During some perf-record sessions of the kernel running the high_systime
workload of the AIM7 benchmark, it was found that quite a large portion
of the spinlock contention was due to the perf_event_mmap_event()
function itself. This perf kernel function calls d_path() which,
in turn, call path_get() and dput() indirectly. These 3 functions
were the hottest functions shown in the perf-report output of
the _raw_spin_lock() function in an 8-socket system with 80 cores
(hyperthreading off) with a 3.10-rc1 kernel:

-  13.91%           reaim  [kernel.kallsyms]     [k] _raw_spin_lock
   - _raw_spin_lock
      + 35.54% path_get
      + 34.85% dput
      + 19.49% d_path

In fact, the output of the "perf record -s -a" (without call-graph)
showed:

 13.37%           reaim  [kernel.kallsyms]     [k] _raw_spin_lock
  7.61%              ls  [kernel.kallsyms]     [k] _raw_spin_lock
  3.54%            true  [kernel.kallsyms]     [k] _raw_spin_lock

Without using the perf monitoring tool, the actual execution profile
will be quite different. In fact, with this patch set and my other
lockless reference count update patch applied, the output of the same
"perf record -s -a" command became:

  2.82%           reaim  [kernel.kallsyms]     [k] _raw_spin_lock
  1.11%              ls  [kernel.kallsyms]     [k] _raw_spin_lock
  0.26%            true  [kernel.kallsyms]     [k] _raw_spin_lock

So the time spent on _raw_spin_lock() function went down from 24.52%
to 4.19%. It can be seen that the performance data collected by the
perf-record command can be heavily skewed in some cases on a system
with a large number of CPUs. This set of patches enables the perf
command to give a more accurate and reliable picture of what is really
happening in the system. At the same time, they can also improve the
general performance of systems especially those with a large number
of CPUs.

The d_path() function takes the following two locks:

1. dentry->d_lock [spinlock] from dget()/dget_parent()/dput()
2. rename_lock    [seqlock]  from d_path()

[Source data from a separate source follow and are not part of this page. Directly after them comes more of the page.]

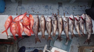 前半からキンメ・黒ムツと顔を見れました。 中盤からは黒ムツ主体で当たりあり、皆さんクーラー賑わいましたm(_ _)m
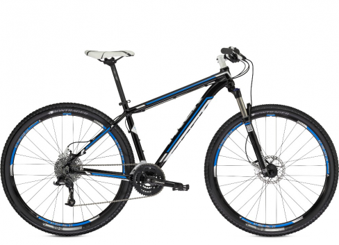 Trek Cobia - горный велосипед с колесами 29" для спортсменов начального уровня, 30 передач, гидравлические дисковые тормоза, амортизационная вилка RockShox с ходом 100 мм, двойные Обода Обода Bontrager AT-850, оборудование Shimano и Sram, компоненты Bontrager. Назначение велосипеда: регулярные поездки во внедорожных условиях, не агрессивного характера, кросс-кантри, трэйл. Установка багажника не предусмотрена.
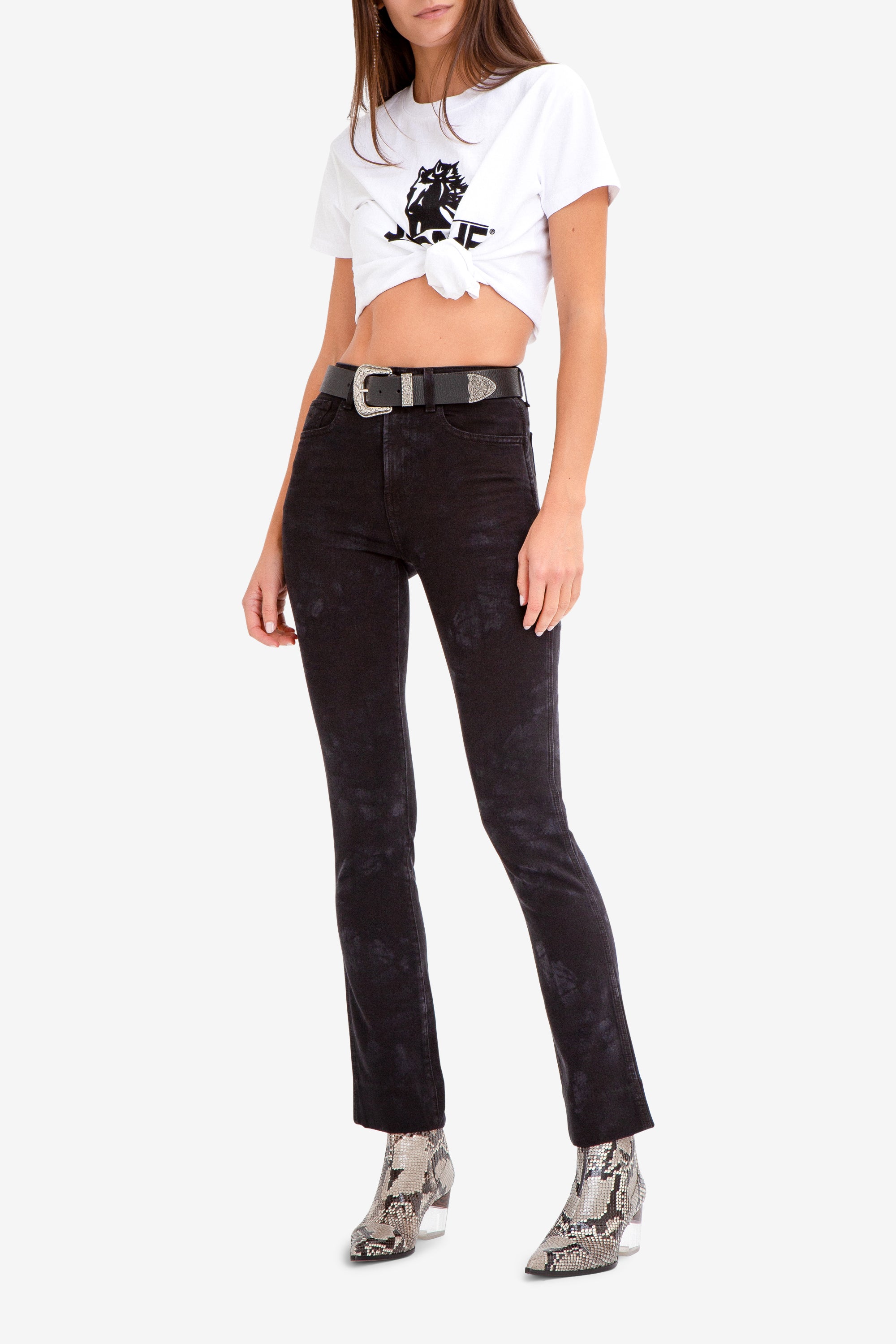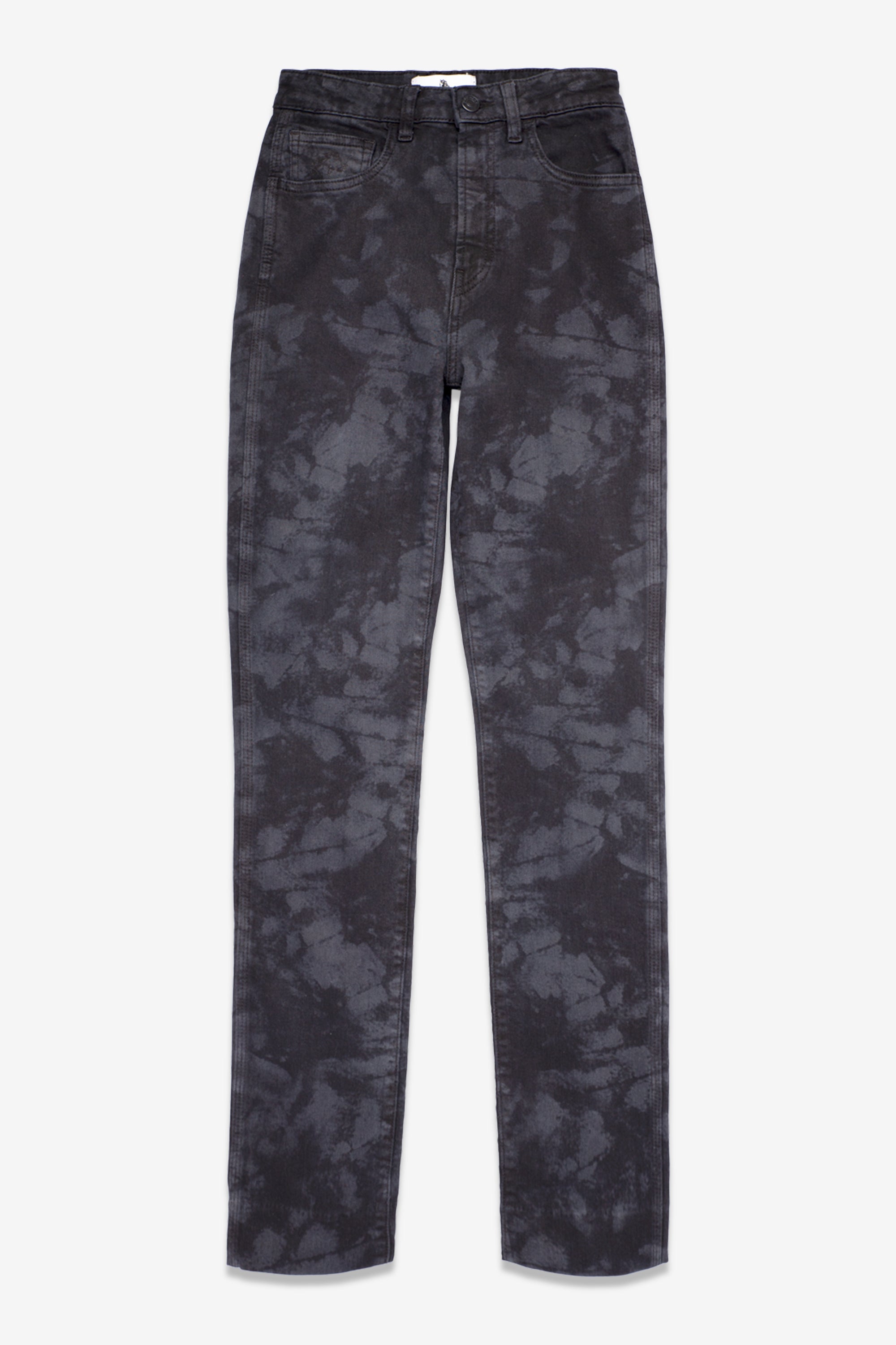 Playing on the current tie dye trend this subtle process is actually done with lasers. Creating a unique pattern and then dyed for a subtle black tie dye effect.
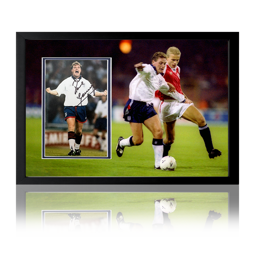 Wooden framed poster mount display containing a signed card from England midfielder Paul Gascoigne. Gascoigne was first called up to the full England squad by Bobby Robson for a friendly against Denmark on 14 September 1988, a...

This set of patches address the rename_lock bottleneck by changing the
way seqlock is implemented so that we can optionally use a read/write
lock as the underlying implementation instead of the default spinlock.

Incidentally, this patch also provides slight 5% performance boost
over just the the lockless reference count update patch in the short
workload of the AIM7 benchmark running on a 8-socket 80-core DL980
machine on a 3.10-based kernel. There were still a few percentage
points of contention in d_path() and getcwd syscall left due to their
use of the rename_lock.

Signed-off-by: Waiman Long <Waiman.Long@...com>

Waiman Long (4):
  seqlock: Add a new blocking reader type
  dcache: Use blocking reader seqlock when protected data are not
    changed
  seqlock: Allow the use of rwlock in seqlock
  dcache: Use rwlock as the underlying lock in rename_lock

 fs/dcache.c             |   28 ++++----
 include/linux/seqlock.h |  167 ++++++++++++++++++++++++++++++++++++++++-------
 2 files changed, 158 insertions(+), 37 deletions(-)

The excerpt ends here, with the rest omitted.